Where is she now?

September 25, 2007

Water the flug

Filed under: Kitchen, Knitting, Techniques, Travel — mrsfife @ 4:41 pm

Houseboat on backwaters

Two weeks ago, we wrote a complaint that the washbasin in our bathroom was shaky. So two guys came (Malayalam only) and dismantled the whole thing, leaving the washbasin in the fire escape and the only word I understood was “nala” meaning tomorrow. Well, the tomorrow only came after a week or so, when 4 (!!!) men showed up to “put in a flug”.

Having given up on anybody ever replacing the washbasin, it took me a minute to understand that they’d come to do something about it. I let them in, they carved out a hole in the wall, put in some cement and a wooden flug (now you get it!) and went away, asking me to water it twice a day and Monday (yesterday) they’d come and put the washbasin back up.

I’ve been faithfully watering the flug, but alas, no one has come to complete the task. And so we roll.

In knitting news, I’ve been working on this pattern, which caught my eye. I’m using Lion cotton and Sugar n’ Cream. Although the designer’s work looks scrumptious, mine is definitely going to end as an Ugh. The problem might be that (a) I knit too tight therefore my floats are too tight, thus not giving that gingham look, (b) cotton isn’t slippery enough for the pattern (c) general shabby knitting.

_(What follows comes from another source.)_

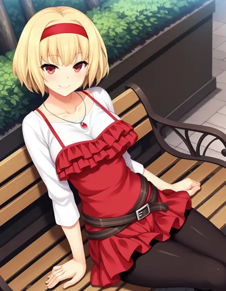 outfit03, 셔츠, 흰색 셔츠, 3/4 소매 셔츠, 라운드 넥 셔츠, 드레스, 빨간 드레스, 프릴 장식 드레스, 짧은 드레스, 벨트, 갈색 벨트, 2바퀴 감긴 벨트, 카프리 바지, 검은 카프리 바지, 목걸이, 장신구 목걸이, 펌프스, 검은 펌프스, 빨간 헤어밴드,
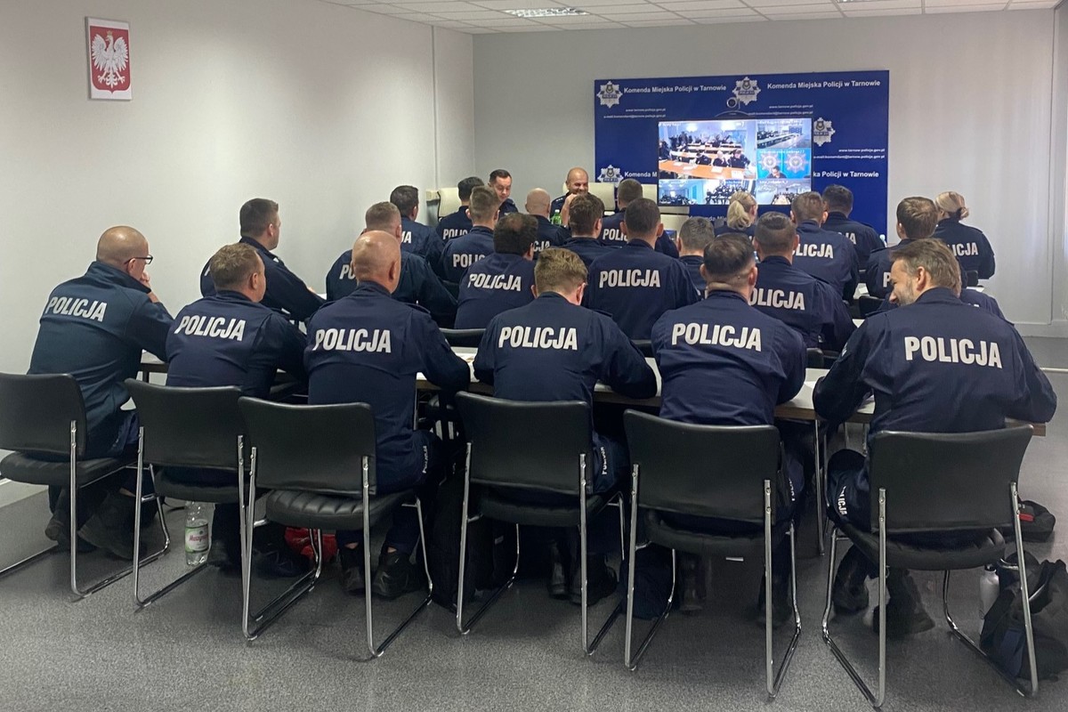 Szkolenie ma charakter hybrydowy, a stacjonarne zajęcia dla funkcjonariuszy z tarnowskiej jednostki odbywają się po raz pierwszy w siedzibie Komendy Miejskiej Policji w Tarnowie.

Also, the handle is done in double knitting in two colours, which has me completely floored, me never having done double knitting in colours before. I’ve tried checking out the videos available online, but I wish someone would explain this particular pattern to me. I’ve finished the body of the towel and it only needs a handle now. There is a chart, but I’m not able to understand that very well. :-(

As you can see in the photo, it is still raining here. Apparently Kerala (and much of India) has had 20% excess rainfall this monsoon. Somebody forgot to tell the southwest monsoon that it must retreat before the northeast monsoon comes calling. We went on a cruise of the backwaters on Sunday, taking around the husband’s superior and family. That isn’t our boat, although ours looked identical. They do you for lunch. The boats have two bedrooms with attached bathrooms. You can hire them for the night as well. Food is traditional Kerala cuisine. The backwaters are used as the main media of transport in the region, and it was startling to see distance signboards we normally spot on highways. All in all, a unique experience.

Me, I’m a dry land creature, and while the life on so much water is fascinating to study and brood over, I much prefer less moisture. Water scares me. Nice for a break, though.

ETA: The designer is holding my hand while I attempt the handle. Progress shall be reported.

September 11, 2007

Paying the price

Filed under: Travel — mrsfife @ 11:21 pm

I have an odd approach to earning money (and spending it). Since I freelance, each article I edit has a price on its head. So I tend to think “I’ve earned Rs 1,500 over the last two days, which pays for the new cellphone I had to buy after my last one met an untimely end after a fatal encounter with azelastine, my nasal phus-phus.” Sort of seeing the trees too much and not the wood so much. Also, while I like the security of having a solid 5-figure amount in the bank, once I withdraw cash from the ATM, it’s like water. Somehow the real paper never feels as important as seeing the numbers in the account balance sheet. Why do you suppose that is? I find it very odd whenever I think about it.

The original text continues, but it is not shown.